Bab : (Apa yang Harus Dilakukan) Jika Imam Menunda Shalat
“Rasulullah SAW (ﷺ) bertanya kepada saya: 'Bagaimana Anda akan bertindak, Abu Dharr, ketika Anda berada di bawah penguasa yang membunuh shalat atau menundanya (di luar waktu yang tepat)? ' Aku berkata: “Ya Rasulullah, apa yang kauperintahkan kepadaku?” Beliau menjawab: “Shalatkanlah pada waktu yang tepat, dan jika kamu mengatakannya bersama mereka, maka katakanlah, karena itu adalah shalat yang lebih tinggi bagimu.”

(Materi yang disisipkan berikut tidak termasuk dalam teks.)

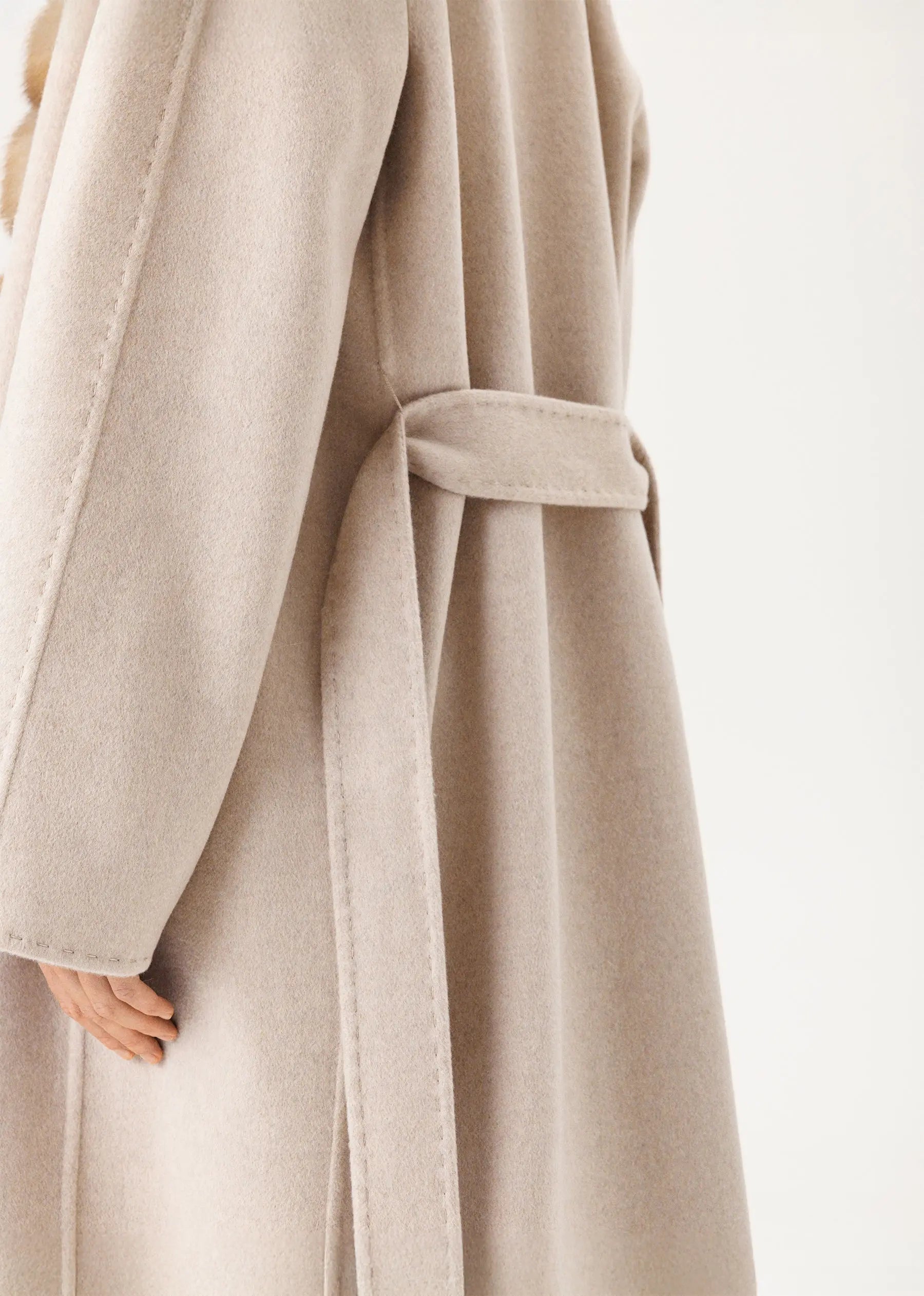 The cashmere coat features a cashmere belt that, when knotted, accentuates the waist and, when loosely draped on the back, creates a more relaxed look.

Bab : Barangsiapa yang tidur dengan waktu shalat atau lupa
Barangsiapa melupakan shalat atau tertidur, maka hendaklah ia melaksanakannya apabila ia mengingatnya. Tidak ada penebusan baginya kecuali itu.

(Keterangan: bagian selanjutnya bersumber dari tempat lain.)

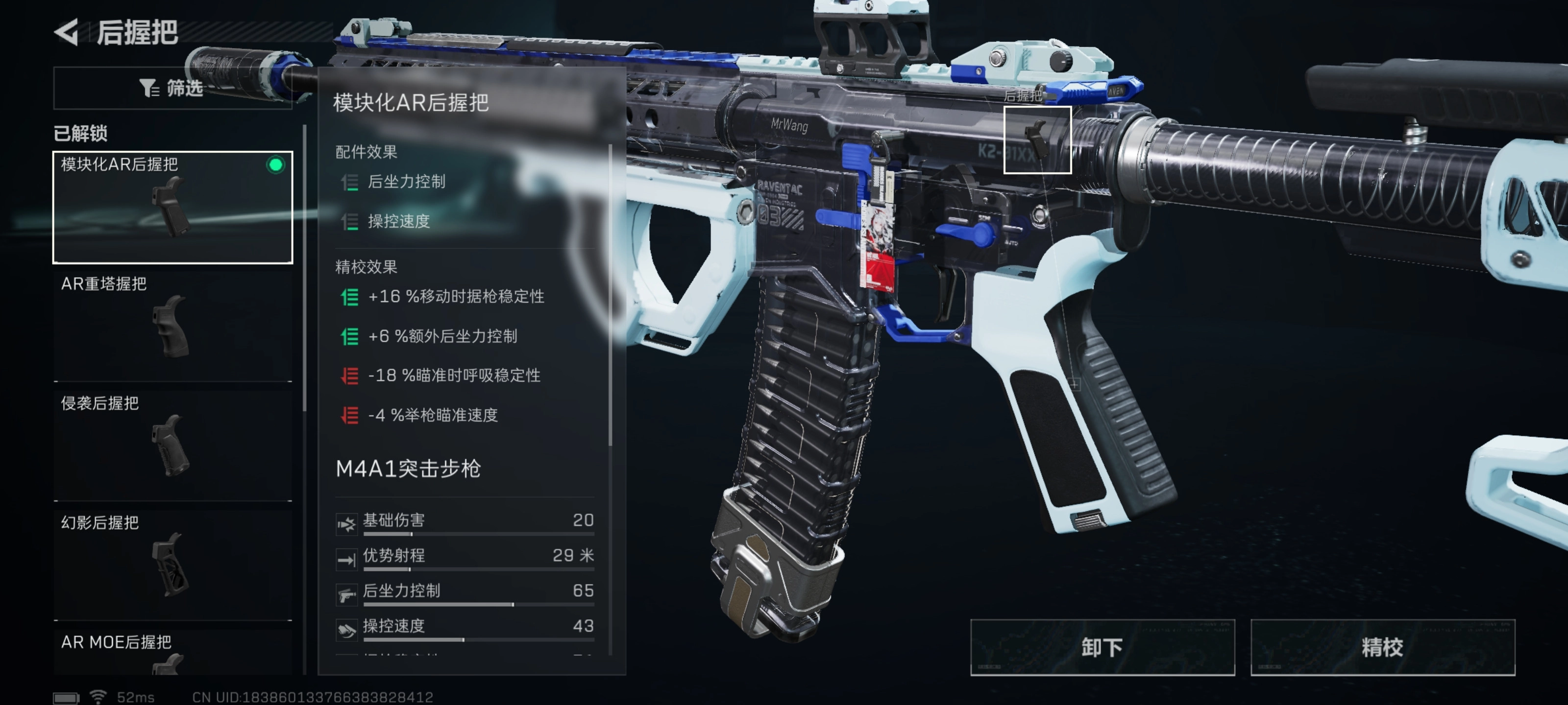 后握把仍采用模块化AR后握把搭配AR重型握把片的组合方案。该组合在大幅提升枪械后坐力控制能力与据枪稳定性的同时,还能将对操控速度的影响降至最低。

Yazid b. Salih (bukan Yazid b. Sulaih).
Bab : Tentang (Hadiah) Membangun Masajid
Abu Dawud berkata: Al-Qassah berarti kapur yang digunakan sebagai mortar.
Rasulullah (ﷺ) datang ke Madinah dan berkemah di sisi atas Madinah di antara suku yang dikenal sebagai Banu 'Amr b'Awf. Dia tinggal di antara mereka selama empat belas hari. Dia kemudian mengirim seseorang untuk memanggil Banu al-Najjar. Mereka datang kepadanya dengan menggantung pedang mereka dari leher. Anas kemudian berkata: Seolah-olah saya sedang melihat Rasulullah (ﷺ) duduk di tunggangannya dan Abu Bakr duduk di belakangnya, dan Bani al-Najjar berdiri di sekelilingnya. Dia turun di halaman Abu Ayyub. Rasulullah SAW (ﷺ) akan berdoa di lipatan domba dan kambing. Dia memerintahkan kami untuk membangun sebuah masjid. Dia kemudian memanggil Banu al-Najjar dan berkata kepada mereka: Banu al-Najjar, jual tanahmu ini kepadaku dengan harga tertentu. Mereka menjawab: “Demi Allah, kami tidak menginginkan harga (dari kamu) kecuali dari Allah. Anas berkata: “Aku menceritakan apa yang terkandung di tanah ini. Itu berisi kuburan orang-orang yang tidak percaya, bukit-bukit, dan beberapa pohon kurma. Rasulullah SAW (ﷺ) memerintahkan agar kuburan orang-orang kafir digali terbuka, dan pohon-pohon kurma ditebang. Kayu kurma didirikan di depan masjid; tangga pintu dibangun dari batu. Mereka membacakan ayat-ayat yang membawa batu-batu itu. Nabi (ﷺ) juga bergabung dengan mereka (dalam membacakan ayat-ayat) berkata: Ya Allah, tidak ada kebaikan kecuali kebaikan di akhirat. Maka berikanlah kamu bantuan kepada Ansar dan Muhajirah.
Bab : Masajid Di Dur (Desa)
Rasulullah SAW (ﷺ) memerintahkan kami untuk membangun masjid di tempat yang berbeda (yaitu di daerah masing-masing suku secara terpisah) dan bahwa mereka harus dijaga kebersihannya dan wangi.